Redirecting TGF- β Signaling through the β -Catenin/Foxo Complex Prevents Kidney Fibrosis.

TGF- β is a key profibrotic factor, but targeting TGF- β to prevent fibrosis also abolishes its protective anti-inflammatory effects. Here, we investigated the hypothesis that we can redirect TGF- β signaling by preventing downstream profibrotic interaction of β -catenin with T cell factor (TCF), thereby enhancing the interaction of β -catenin with Foxo, a transcription factor that controls differentiation of TGF- β induced regulatory T cells (iTregs), and thus, enhance anti-inflammatory effects of TGF- β In iTregs derived from EL4 T cells treated with recombinant human TGF- β 1 (rhTGF- β 1) in vitro , inhibition of β -catenin/TCF transcription with ICG-001 increased Foxp3 expression, interaction of β -catenin and Foxo1, binding of Foxo1 to the Foxp3 promoter, and Foxo transcriptional activity.
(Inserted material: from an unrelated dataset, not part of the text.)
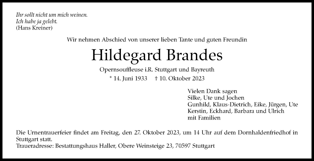 Hier finden Sie alle Traueranzeigen aus der Zeitung, die bisher für Hildegard Brandes erschienen sind. Weitere Traueranzeigen, die in der Zeitung erscheinen, werden hier ebenfalls aufgelistet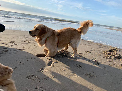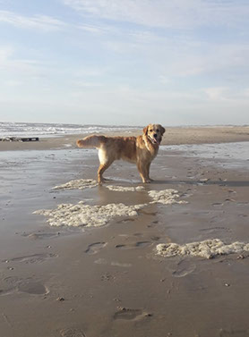 Op het strand ben ik ook heel graag, wat kun je daar een heerlijk eind in de rondte graven want zand in overvloed. Het water is toch best wel spannend nog steeds want dat komt telkens maar naar mij toe terwijl ik daar toch helemaal niet om vraag!! Maar ook daar kan ik heerlijk met mijn maatje wandelen en spelen.

Moreover, the level of β -catenin expression positively correlated with the level of Foxo1 binding to the Foxp3 promoter and Foxo transcriptional activity. T cell fate mapping in Foxp3gfp Ly5.1/5.2 mice revealed that coadministration of rhTGF- β 1 and ICG-001 further enhanced the expansion of iTregs and natural Tregs observed with rhTGF- β 1 treatment alone. Coadministration of rhTGF- β 1 with ICG-001 also increased the number of Tregs and reduced inflammation and fibrosis in the kidney fibrosis models of unilateral ureteric obstruction and ischemia-reperfusion injury. Notably, ICG-001 prevented the fibrosis in distant organs (lung and liver) caused by rhTGF- β 1. Together, our results show that diversion of β -catenin from TCF- to Foxo-mediated transcription inhibits the β -catenin/TCF-mediated profibrotic effects of TGF- β while enhancing the β -catenin/Foxo-mediated anti-inflammatory effects. Targeting β -catenin/Foxo may be a novel therapeutic strategy in the treatment of fibrotic diseases that lead to organ failure.